Solo tenía dos días
cuando Ananube entró en aquella casa sin muebles. Abrió mucho los
ojos al sentirse deslumbrada por las paredes blancas. En el salón
había un sofá, un pequeño televisor, un teléfono sobre una caja
de cartón y un coche de bebé en el centro.
-¡Uff!, ¿dónde he
caído yo?, habría exclamado Ananube si hubiese podido hablar.
Se limitó a observar
desde los brazos de su madre que la depositó, con mucha aprensión,
en el carro. Las sábanas eran suaves y tenían un pequeño detalle
bordado a mano.
Al cochecito de bebé se
asomaron dos cabezas que ya le eran familiares: la muchacha ojerosa
que debía ser su madre y el chico con rostro asustadizo que
seguramente sería su padre.
-¡Vaya suerte!, habría
pensado Ananube. ¡Una madre primeriza y un padre novato! Anda que
empezamos bien.
Pero como estaba muy
cansada del viaje se durmió plácidamente. Despertó horas más
tarde en un cuarto de baño donde habían instalado una bañera
plegable. La madre la sostenía mientras el padre intentaba averiguar
la temperatura del agua introduciendo el codo en la bañera.
-¡Sacadme de aquí, que
este novato me ahogaaa!, debería haber gritado Ananube.
Sin embargo, no gritó,
ni lloró, solo abrió mucho los ojos para no perder detalle.
Sobrevivió Ananube a su
primer baño aunque a punto estuvo de fallecer de inanición. A la
madre primeriza no le subía la leche, así que ahíta de calostros,
con el culete limpio y un pañal mal colocado la llevaron al
dormitorio. Tampoco había cortinas, lámparas o muebles, solo una
cama muy grande y un capazo forrado de blanco.
-Al fin me dejarán
dormir, que esto de vivir es muy cansado, habría suspirado Ananube.
Tampoco pudo descansar
tranquila, porque la madre primeriza se pasó la noche tocándola
para comprobar que respiraba.
Aquel mes de mayo llovió
de forma inusual. Algunas mañanas no podían pasear, así que la
pobre Ananube tenía que soportar a la madre primeriza desentonar
todo el repertorio de Serrat, Sabina y Víctor Manuel, con lo cual
quedó vacunada anti-cantautores para toda la vida.
Con el paso de los días
se fue habituando a la casa sin muebles, a la mirada temerosa de la
primeriza, a los brazos sorprendidos del novato. Se sentía cómoda y
feliz. Dormía tantas horas que la madre se asomaba a la cuna
continuamente.
-¿Esta niña no llora
nunca?, preguntaban las visitas.
-¡Qué manía! ¿Para
qué queréis que llore?, podría haber respondido Ananube si hubiera
sabido hablar.
Tenía tanto miedo de la
inexperiencia de su mamá y su papá, que decidió ser una niña
noble y buena para hacerles la vida más fácil.
Al cumplir su primer año,
regalaron a Ananube un dormitorio con cama, armario, estanterías.

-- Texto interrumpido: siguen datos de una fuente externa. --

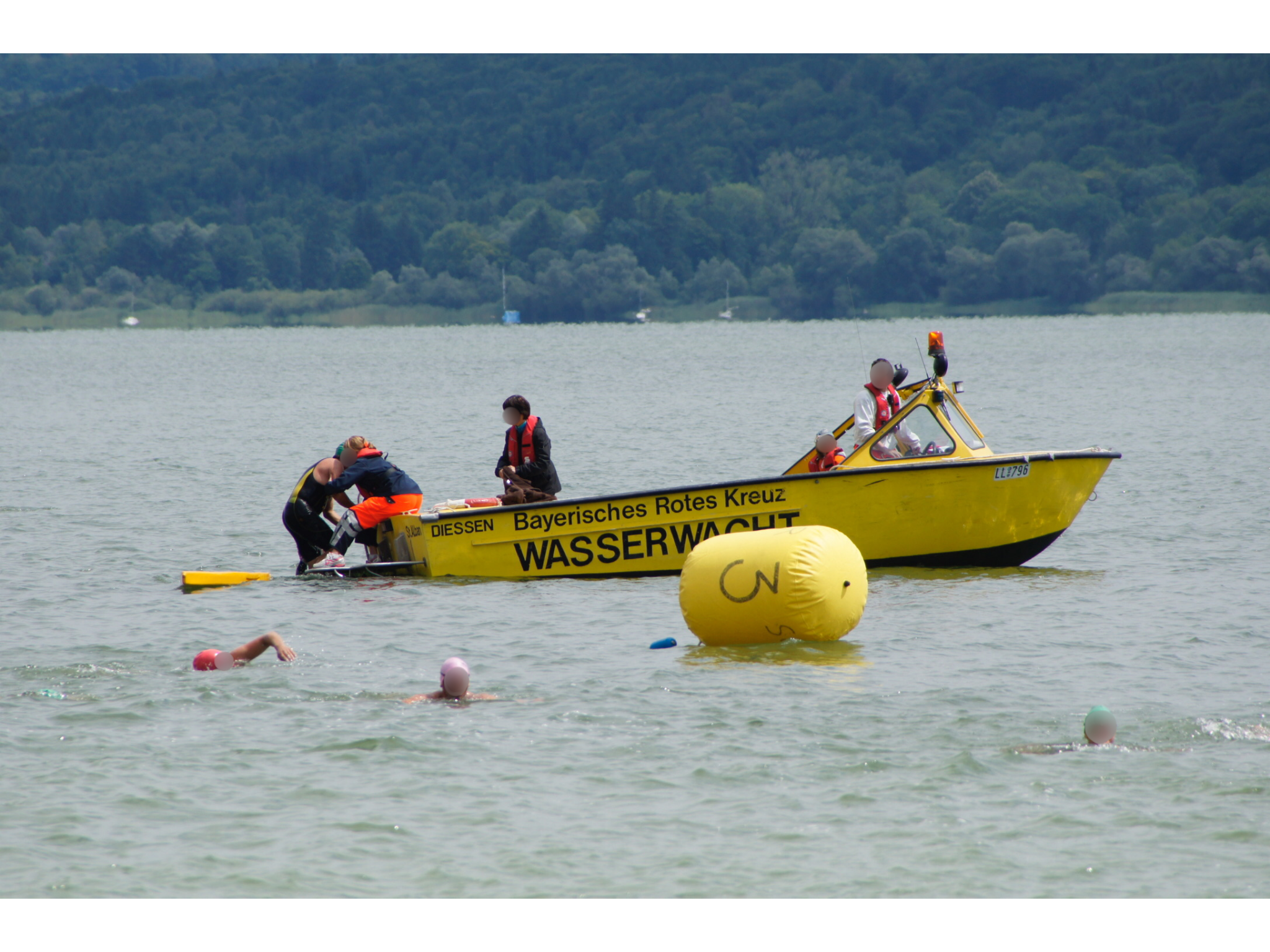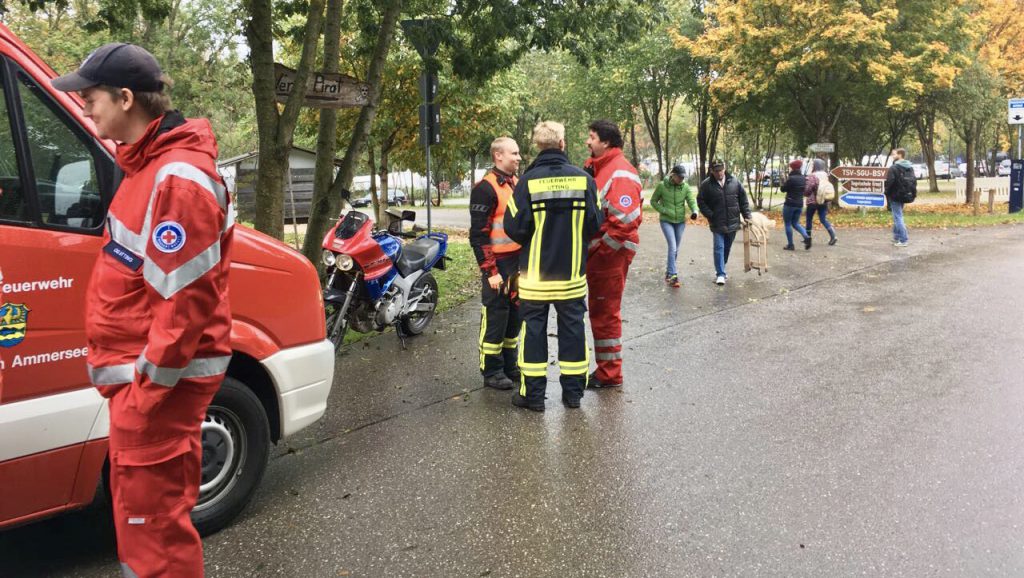 Die Wasserwachtler ließen umgehend ihr Eis zurück und halfen sofort der Person. Im selben Moment trafen zwei zufällig anwesende Rettungssanitäter aus der Schweiz ein. Gemeinsam begann das multinationale Helferteam mit der Versorgung des Patienten, während eine Helferin der Wasserwacht Utting direkt medizinisches Material zur Bestimmung von Vitalparametern aus der nahegelegenen Wasserrettungsstation im Strandbad holte. Passanten hatten bereits vorbildlich den Notruf abgesetzt. Nach kurzer Lagebeurteilung durch die fachkundigen Einsatzkräfte wurde auch ein Notarzt nachbestellt. Gemeinsam mit den Schweizer Rettern unterstützten die Uttinger den örtlichen Landrettungsdienst und Notarzt bei seiner Arbeit.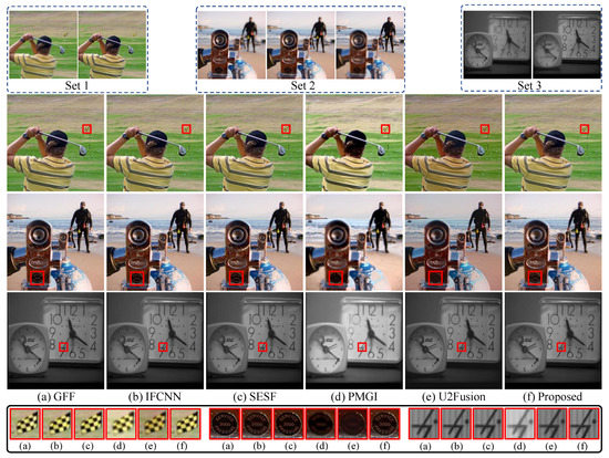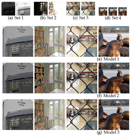 We collect 220 pairs of MRI/PET images on Havard Medical School (https://www.med.harvard.edu/aanlib/home.html (accessed on 13 February 2022)) from different medical cases of illness and divide them into a training set (200 pairs) and test set (20 pairs). As for infrared/visible image fusion, we adopt RoadScene (https://github.com/jiayi-ma/RoadScene (accessed on 13 February 2022)) for training. This dataset contains 221 aligned infrared/visible image pairs containing rich scenes. In addition, we use datasets from [43] for multi-exposure image fusion training, which provides multi-exposure sequences of 589 scenes with 3 to 18 exposure levels as well as corresponding high-quality reference images. The reference HDR image is the best fusion image manually selected from the fusion results of 13 recently developed MEF and HDR algorithms that are used as ground truth during training. The training data for multi-focus image fusion is generated according to Section 3.3. All source images are cropped to image patches with a size of . The filters size of the network are set to .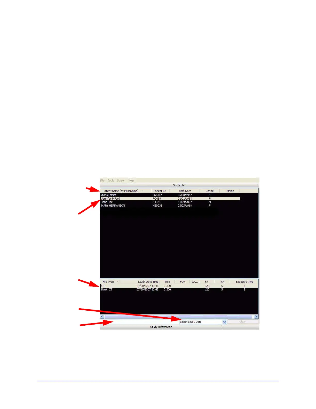 displayed. The Study List (shown below) lists all Patients that were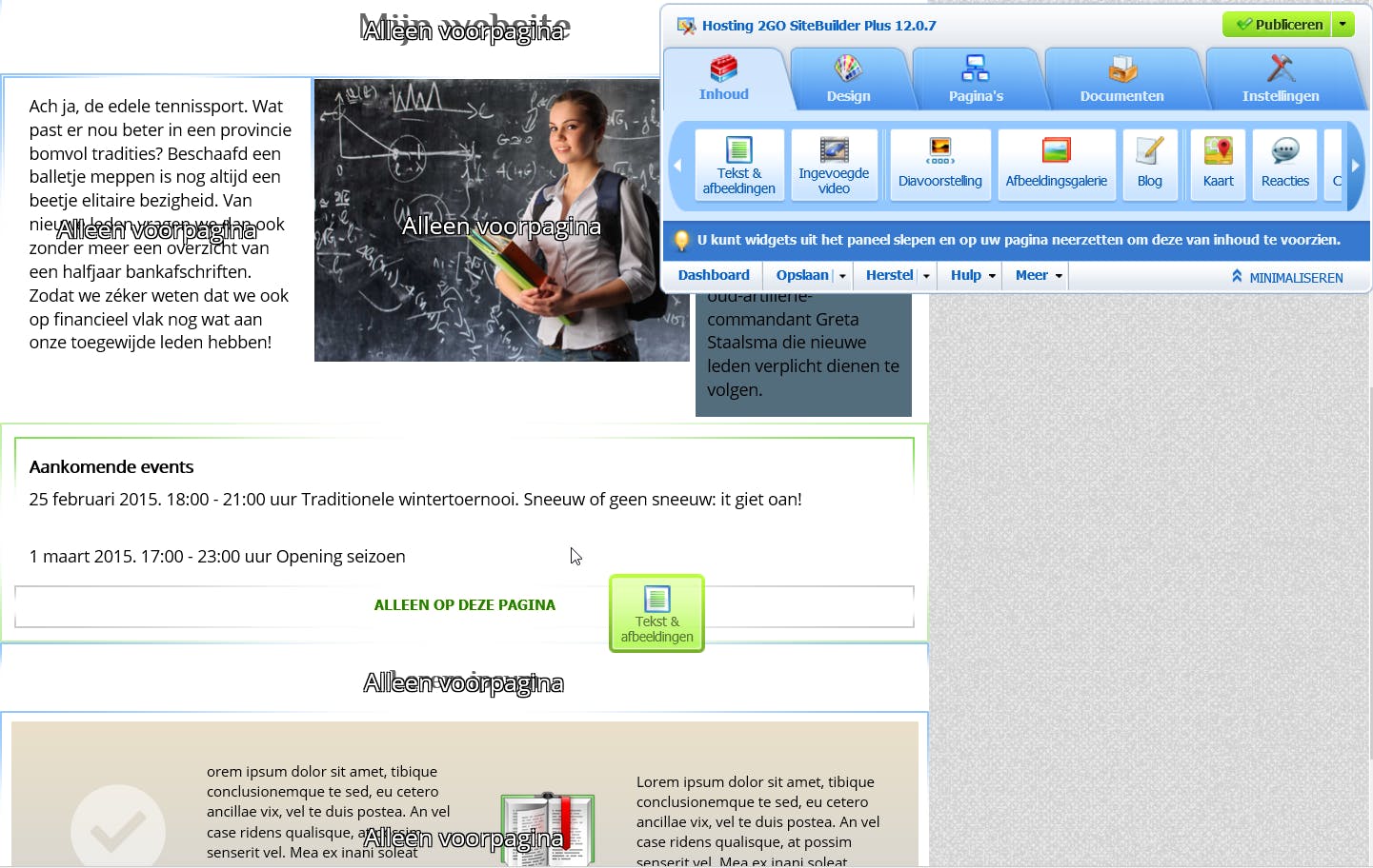 Toevoegen van een tekstvak doet u door eerst de gewenste pagina te openen via een klik in de menubalk op één van de pagina’s; in ons voorbeeld kiezen we voor Nieuws en evenementen. Klik vervolgens in het bedieningspaneel op de tab Inhoud (1) en sleep dan het onderdeel Tekst & afbeeldingen naar de gewenste locatie. Het is daarbij even opletten, want u ziet tijdens deze actie ten eerste mogelijk een paar onderdelen van andere pagina’s verschijnen. Dat dit gebeurt heeft waarschijnlijk te maken met het feit dat sommige onderdelen desgewenst ook op álle pagina’s getoond kunnen worden. Laat u zich er niet al te veel door afleiden, wij willen een tekstblok met nieuwsberichten onder het blokje met Aankomende events zetten. Mik goed, want door een beetje naar boven of beneden te gaan met uw muiscursor ziet de u de optie ALLEEN OP DEZE PAGINA of OP ALLE PAGINA’S verschijnen. Laat de muisknop alleen los bij de eerste optie.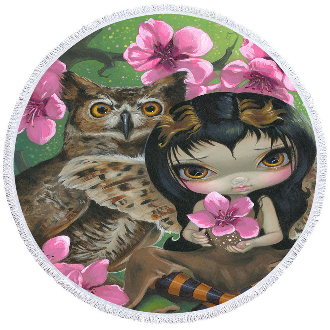 Owl Fairy Owlyn in the Springtime Cherry Blossom Round Beach Towel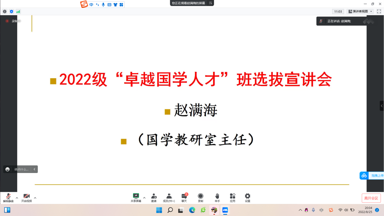 8月25日,足球直播515官网 举行2022级“卓越国学人才班”选拔宣讲,国学教研室主任赵满海担任主讲人,并以腾讯会议的形式向2022级新生宣讲国学班的内容。 赵满海首先从国学班的办学缘由讲起,主要针对国学班的培养目标、课程体系、配套措施以及办学成绩四方面向同学们进行了详细介绍。他向同学们说明了“卓越国学人才班”注重经典研读,力图打通学科界限,致力于培养基础扎实、视野开阔的研究型国学人才的办学理念。并且,赵满海强调“卓越国学人才班”立足师范教育,肩负起培养优秀国学师资力量的责任。最后,同学们提出疑惑,赵满海针对同学们的问题进行了一一解答。 本次宣讲的举办,使2022级新生对“卓越国学人才班”有了更多更深入地了解,为足球直播515官网 2022级“卓越国学人才班”的选拔及培养工作奠定了坚实基础。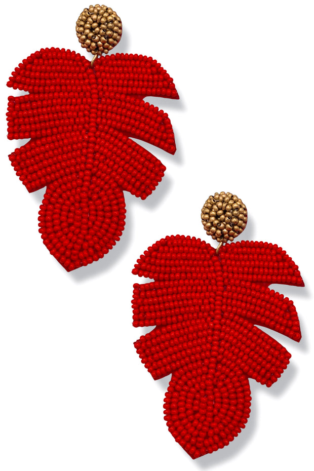 Made with beads and designed in the shape of tropical leaves, these earrings are the perfect accessory to elevate any outfit. Add a touch of elegance and style to your look with these unique and eye-catching earrings.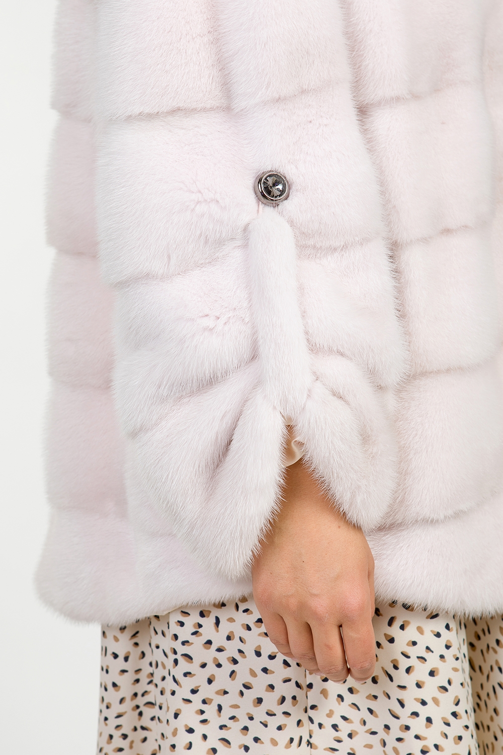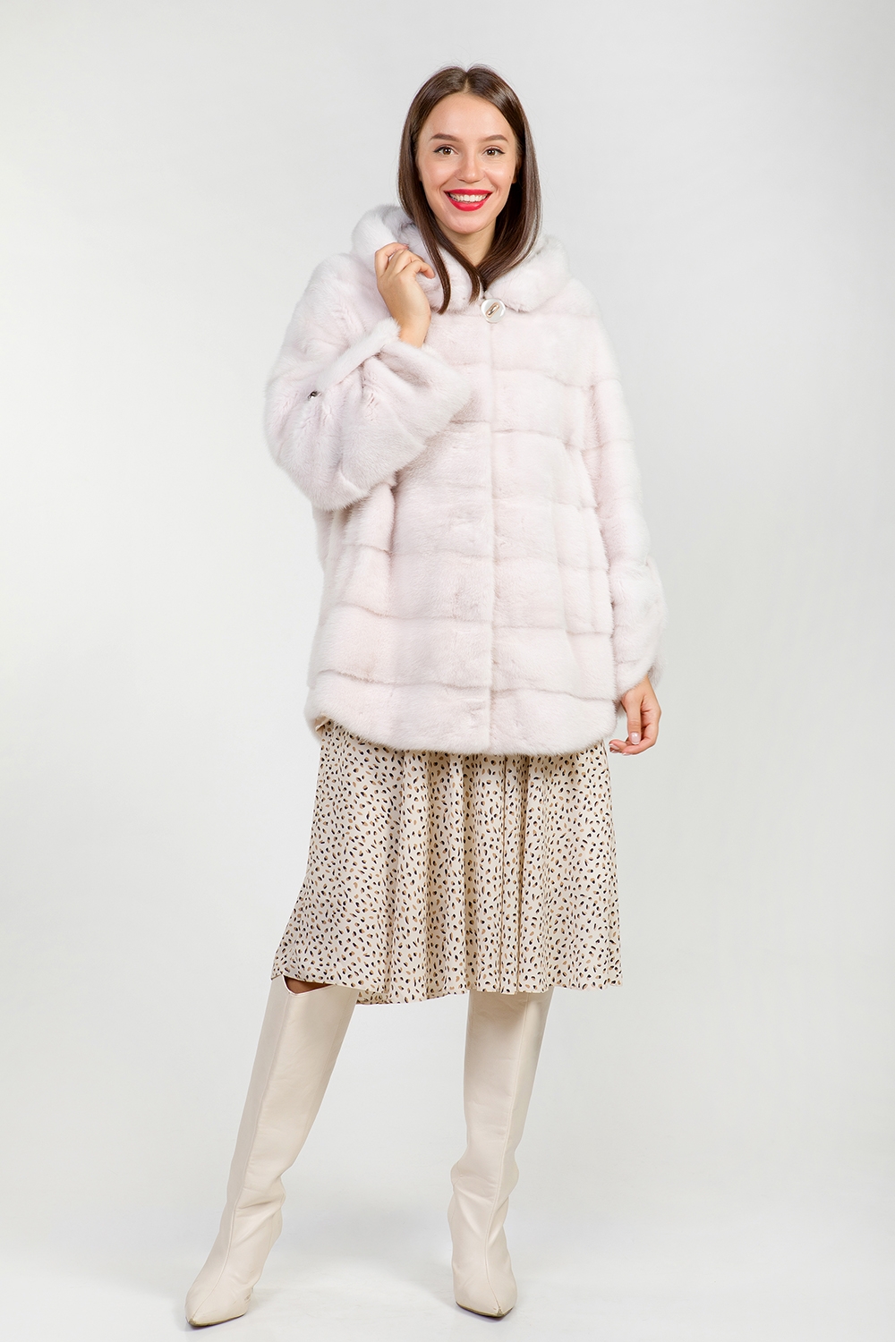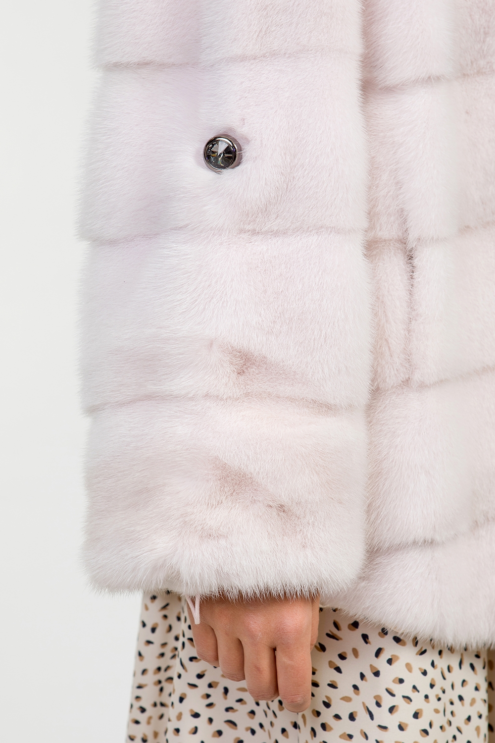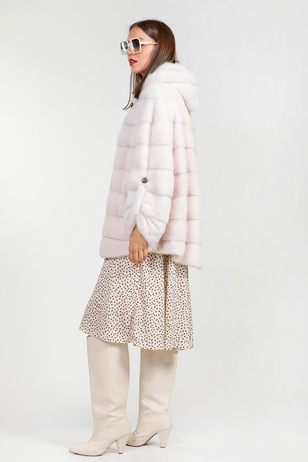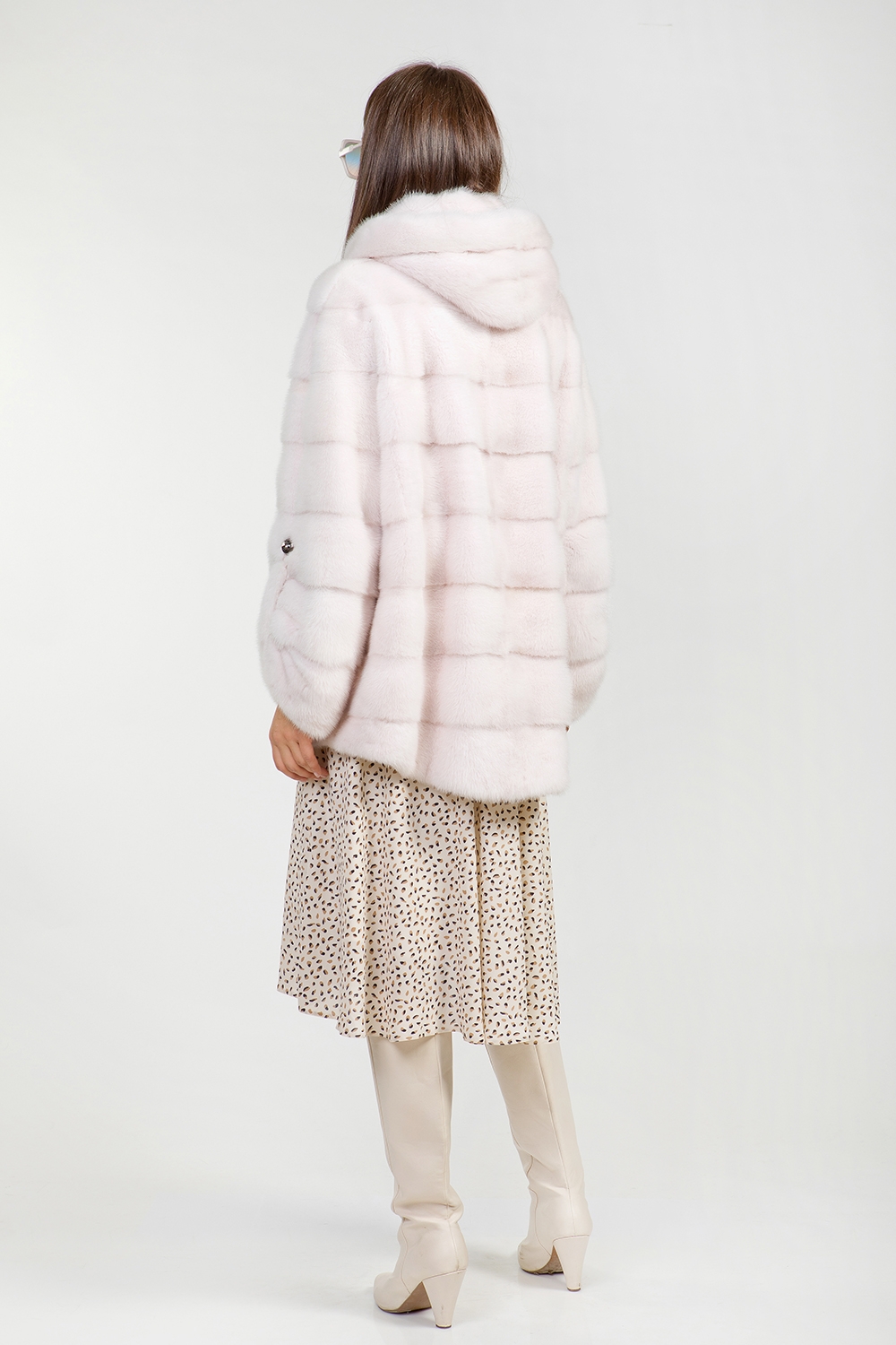 Куртка из меха норки с капюшоном. Крой изделия поперечная выкладка пластин. Рукава модели трансформируются в более укороченные с помощью меховой утяжки. Еще имеется утяжка в зоне талии, позволяющая подчеркнуть стройность фигуры. Длина изделия 80 см. Курточка в светлых тонах дымчатой розы освежает и омолаживает образ.

Tenía incluso una cortina con ositos y una lámpara. Estaba tan
contenta que comenzó a chapurrear sus primeras palabras.
Sus padres pensaron que
era muy fácil criar un bebé y decidieron darle a Ananube un
hermanito o una hermanita.
“Pero esa es otra
historia que merece ser contada en otra ocasión”.